Mais tarde pintará outro auto-retrato, que está no Louvre, e que os entendidos
consideram obra mais perfeita. Vi-o, anos atrás, mas não tive a mesma forte
impressão, ou não fiz a mesma descoberta de ontem: Rembrandt é o Bach da
pintura (...) Quem será o Mozart da pintura?"
(Quadros em uma Exposição, in O Desconcerto do Mundo)

RIO ANTIGO
"A cidade era bela como as moças daquele tempo. Enquanto eram meninas
cantavam de roda e não havia bairro sem cantos infantis a marcar o anoitecer. As
meninas também brincavam com a boneca. Depois, quando acontecia nelas o
mistério da transformação, que nesse tempo era posto em surdina, a menina punha
vestidinhos compridos e virara flor à espera de quem descobrisse dentro da corola
uma sede de amor. As moças de meu tempo ficavam à janela, ou no portão,
cercadas de madressilvas. O namorado, olhava para ela de longe, muito tempo,
encostado num lampião com as pernas trançadas, a torcer o bigode que nascia.
Gestos, bigodes, lampião, calças, tudo passou. E como vento foi-se a suavidade e a
doçura de viver acreditando em almas de flor. A rua da Cidade ajudava a viver. O
transporte ajudava a respeitar. Quem nesse tempo ousava encostar de leve no
sagrado corpo da menina-moça? Vinha o mundo abaixo, e o bonde inteiro
ameaçava o audacioso, o perverso."
("Reminiscências", in Conversa em Sol Menor)

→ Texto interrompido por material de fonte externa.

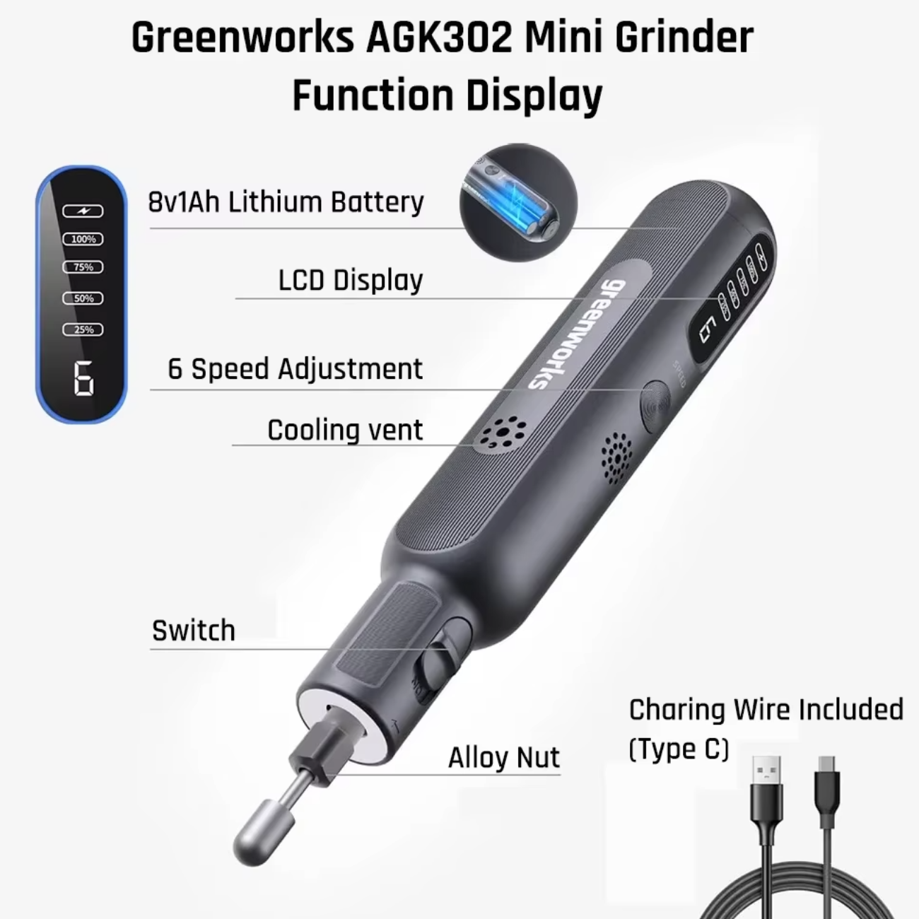 Greenworks Multifunctional Electric Grinder Set Rechargeable AGK302

"O povo era mais bem vestido, e, sobretudo, a tenue, a posição do corpo era mais
ereta, mais briosa, mais desempenhada que a de hoje. Corra você mesmo, leitor,
seu álbum de avós e repare como eles eram mais altivos e verticais. E então? O
que foi que houve com os homens, com as cidades? O que foi que aconteceu?"
("Rio Antigo", in Conversa em Sol Menor)

RISOS
"O cômico, como Bergson tão bem assinalou, supõe o social, isto é, supõe a
possibilidade de imaginar um picadeiro para o personagem que se singulariza e
uma arquibancada para seus juízes, que pronunciam às gargalhadas o seu curioso
veredicto.

"Quem será então que se ri desse generalizado espetáculo que envolve três bilhões
de palhaços? Às vezes nós conseguimos a ilusão de um camarote confortável que
nos permita rir dos outros. Mas de onde vem esse eco, essa ressonância de um riso
muito mais poderoso do que o meu? Quem está aí? Quem está por aí, nessas
cadeiras vazias, a rir-se de mim?

"O mundo é um circo em que a arena e as arquibancadas são relativas. Três bilhões
de autores mal ensaiados passam a vida a divertir-se, cada um apontando no outro
o rabo de papel. Ou a trave no olho."
(Lições de Abismo, 15a. edição, Agir, pág. 92).

ROSÁRIO
"Uma das grandes crises de nosso tempo, especialmente dolorosa em meio
católico, é a crise moral que se traduz no amolecimento chamado “falta de caráter”
que parece ter-se tornado o novo caráter do homem mutacionado de nosso século.
"Ora, o melhor exercício espiritual para ganharmos a virilidade evanescente, para
recuperarmos a coragem e o vigor de amar o bem e detestar o mal é o de tomar
viva consciência de nossa linhagem sobrenatural, e das armas com que venceremos
o mundo sob o signo da cruz de Nosso Senhor, que “já venceu o mundo”. E entre
as armas do céu, especialmente eficazes contra os demônios que devastam as
almas, é oportuno lembrar o santo rosário, cuja festa instituída por São Pio V em
1571 em agradecimento pela vitória de Lepanto, hoje esquecida e desdenhada
pelos católicos que invocam a paz da carne e do sangue, por já não terem fibra e fé
para pelejarem pela paz de Cristo."
(Editorial, Permanência, no. 48, Out. 72)

ROUSSEAU, JEAN JACQUES


"O leitor de sã formação filosófica, ou de robusto bom senso, descobrirá logo que
Jean Jacques Rousseau, pretendendo arvorar a bandeira da santidade natural, da
bondade sem contágios, da pureza sem salpicos, na verdade professava horror à
natureza propriamente humana, valorizando a subnatureza, a sensibilidade em
detrimento dos valores espirituais."
(Dois Amores Duas Cidades, Ia parte III capítulo, "conjunção dos pares")

S
SÉCULO XX
"O que sou eu principalmente? O habitante do século XX não sabe responder a essa
pergunta, e conseqüentemente não sabe se deve andar ou parar, se deve sentar-se
para estudar, se deve deitar-se e deixar a vida correr, se deve virar de cabeça para
baixo como os palhaços, se deve cair de quatro como os imbecis, se deve erguer a
cabeça, ou se deve dobrar o joelho. O mundo em que vivemos é a projeção de
todas estas perplexidade dos "eus" que já não sabem o que são."
(A Crise de autoridade e o Democratismo, Permanência, junho de 1969 )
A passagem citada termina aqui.